Of course, the risk of shares coming out of escrow and being sold, putting downward pressure on the SIG share price is a real risk, however it's only 10% of the Chemist Warehouse founders' holdings that are initially coming out of escrow (so that 10% will no longer have any selling restrictions), and that represents only 4.89% of SIG's total shares on issue (SOI). It's that 10% of the founders' holdings (4.89% of SIG's SOI) that the latest AFR Street Talk article is talking about (the first article above, not the second one) that is due to come out of escrow with the release of SIG's FY25 full year report in August this year, and the other 90% (or 43.3% of SIG's SOI) remains escrowed for another year, so common sense suggests it is not in the CW founders' interests to crash the SIG share price for the sake of selling that 10% when they are still holding 90% of the shares they received when Sigma and CW merged (the reverse takeover of Sigma by Chemist Warehouse).
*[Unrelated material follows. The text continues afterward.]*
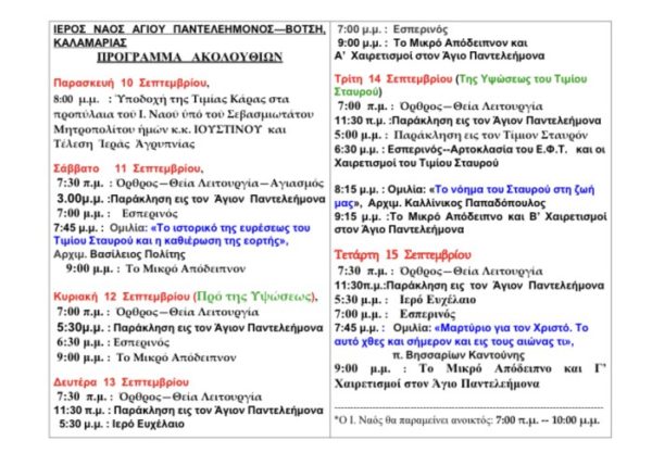 Η Κάρα του Αγίου Ιαματικού Παντελεήμονος θα μεταβεί από την Ιερά Μονή Παναχράντου της Άνδρου και θα παραμείνει στον ναό έως την Δευτέρα 20 Σεπτεμβρίου, όπου και θα τίθεται καθημερινά σε προσκύνηση από τις 7 το πρωί έως τις 10 το βράδυ. Κατά το δεκαήμερο παραμονής της Κάρας του Αγίου στον Ιερό Ναό Αγίου Παντελεήμονος στο Βότση Καλαμαριάς, θα τελεστούν πλήθος ιερών ακολουθιών, ενώ θα πραγματοποιηθούν και ομιλίες με πληθώρα πνευματικών θεμάτων.

Any CW founder selling in or after August would likely be done via block trades, and in any case even if sold on-market it would most likely be done in an orderly way working with available market liquidity. These founders will want to cash up at some stage, however if it is done in an orderly way, it doesn't have to be a major negative for other smaller retail shareholders of Sigma. While they still remain major shareholders, it is in those founders' own best interests to keep the SIG share price as high as possible, and with 90% of their shares remaining escrowed until August 2026, it's as we get near to August 2026 that it becomes much more of an issue.
To be clear, that 90% that is escrowed until August 2026 represents 43.3% of all SIG shares today, and the 10% the Chemist Warehouse founders will be able to sell in August this year (2025) only represents 4.89% of SIG shares on issue. Next August (2026) is therefore WAY more important in this context than this August (2025) - in terms of possible / potential downward pressure on the SIG share price, IMO.